Montag, 2. Dezember 2019, 09:36

Jaaaaa, eigentlich wäre ein neues Urmodell fällig gewesen, aber ich habe so meine Erfahrungen (unlängst erneuert) mit überkomplexen Urmodellen in dieser Größe. Das Problem besteht darin, dass man sehr sorgfältig beim Eingießen des Harzes sein muss, um sicherzustellen, dass es in alle Ecken und Nischen läuft. Das ist im Prinzip noch kein unlösbares Problem, Einschnitte in die Formen an unproblematischen Stellen können dabei eine gute Hilfe sein. Aber leider hat man nur wenige Minuten Zeit, bis das Material abbindet! Modelle wie das des Hukers gehören zu den größten Teilen, die ich bislang abgegossen habe, und ich musste lernen, dass die Topfzeit des Materials sich mit der Menge dramatisch reduziert. So scheint es mir doch sinnvoller zu sein, eher schlichte Urmodelle zu bauen und sie später mit Anbauteilen zu komplettieren. Irgendwie spielt auch wie immer das Geld eine Rolle. Ein Huker-Rumpf kostet bei etwa 100 g Gewicht ca. fünf Euro. Das ist nicht sehr viel, aber auch erheblich mehr als nichts und birgt keinen Trost, wenn man beim Ausformen feststellen muss, dass ein Rumpf nicht zu gebrauchen ist.

Kommen wir zum Erfreulichen.
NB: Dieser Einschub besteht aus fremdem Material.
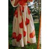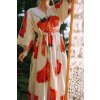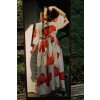 Vlčí máky mají kapsy, bohatou řasenou sukni, křížený V výstřih vepředu, na zádech kulatý a kimono rukávy. Díky svému střihu padnou až do velikost XL. Vypadají skvěle i bez pásku.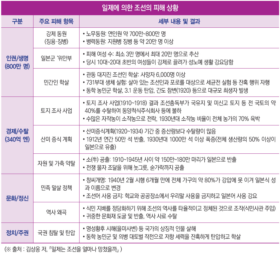 국권을 잃은 우리 민족은 일본 제국 아래에서 35년간 노예 생활을 했는데 그동안 죽임을 당하거나 다친 사람이 무려 800만 명에 이르렀습니다. 일제는 우리 문화재를 반출하고 역사와 문화 관련 서적 수십만 권을 마치 군사 작전하듯이 2차에 걸쳐 거두어들여 저 남산南山에서 불태워 버렸습니다.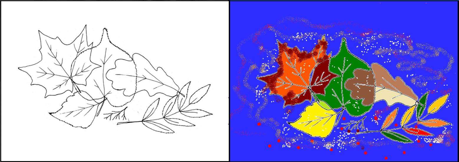 Материалы: Осенние листья (береза, дуб, клен, рябина с гроздью, липа), Программа «Paint», картина (натюрморт) с готовыми контурами листьев: рябины, дуба, клена, липы, березы (контуры пересекаются).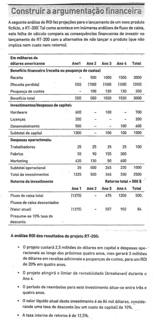 Imaginemos que quer gastar de 200 mil de dólares num novo sistema automatizado de atendimento de chamadas. Está concentrado em reduzir tempos de espera de 60 para 30 segundos, esperando com isso fazer disparar a satisfação e a fidelidade dos clientes. Por mais importantes que estas melhorias sejam, não são aquilo que mais entusiasma os os tipos da massa do departamento financeiro. Para eles, o benefício principal reside em acrescentar mais dinheiro à linha dos resultados. Visto serem eles os únicos a decidir sobre o seu projeto, não só tem de lhes fazer compreender de que forma o novo sistema aumentará os lucros, como também conseguir utilizar a linguagem dos modelos financeiros para argumentar em favor da sua iniciativa.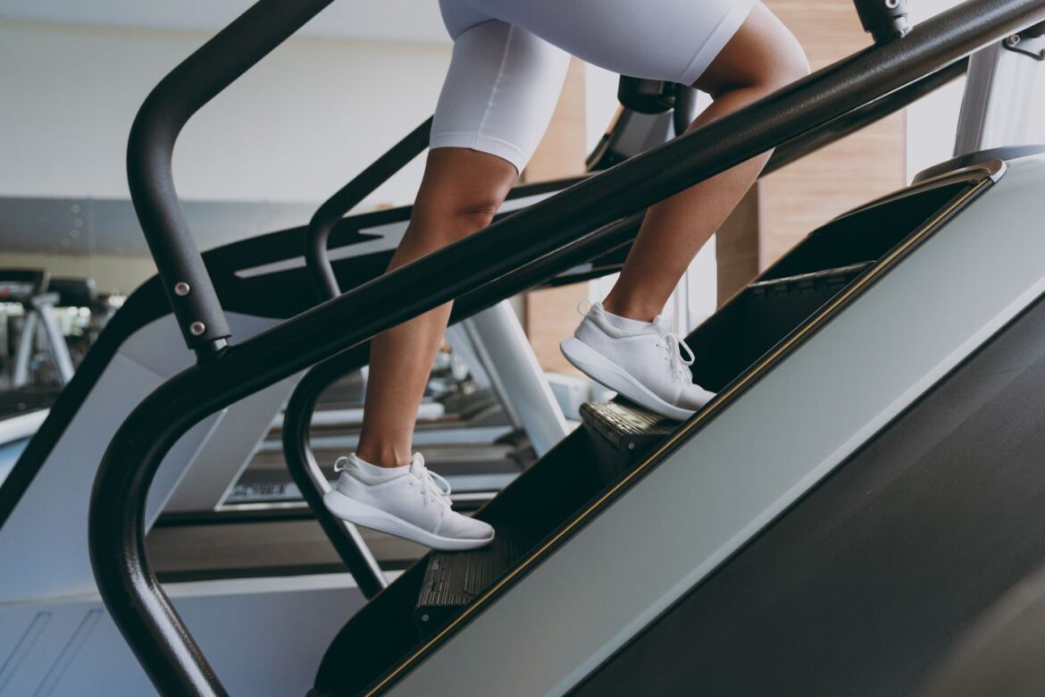 When you mount the StairMaster or stair climber machine, you engage every major leg muscle: your quadriceps, hamstrings, calves, and glutes.

Drei meiner vier Abgüsse waren brauchbar (gute Quote!). Hier sind sie.







Einer soll ganz schlicht als Arbeitspferd und Fischerboot gebaut werden, die anderen beiden etwas aufwendiger bemalt und geschmückt als kleine Handelsschiffe. Die Farbarbeiten sind fast abgeschlossen, jetzt geht es an die An- und Aufbauteile und damit an eine weitere Differenzierung.

Schmidt

Magic Sculp hab ich zuletzt über eBay gekauft in der 2 × 150 g Version.
Restaurierung eines Werftmodells aus dem Jahre 1912 jetzt als Webseite: http://kaiserfranzjoseph.de/
Über das Bemalen mit Humbrol- und Ölfarben: http://www.wettringer-modellbauforum.de/…9193#post739193

602

Montag, 2. Dezember 2019, 10:03

Moin,

ich bin gespannt wie es mit deiner kleinen Flotte weitergeht...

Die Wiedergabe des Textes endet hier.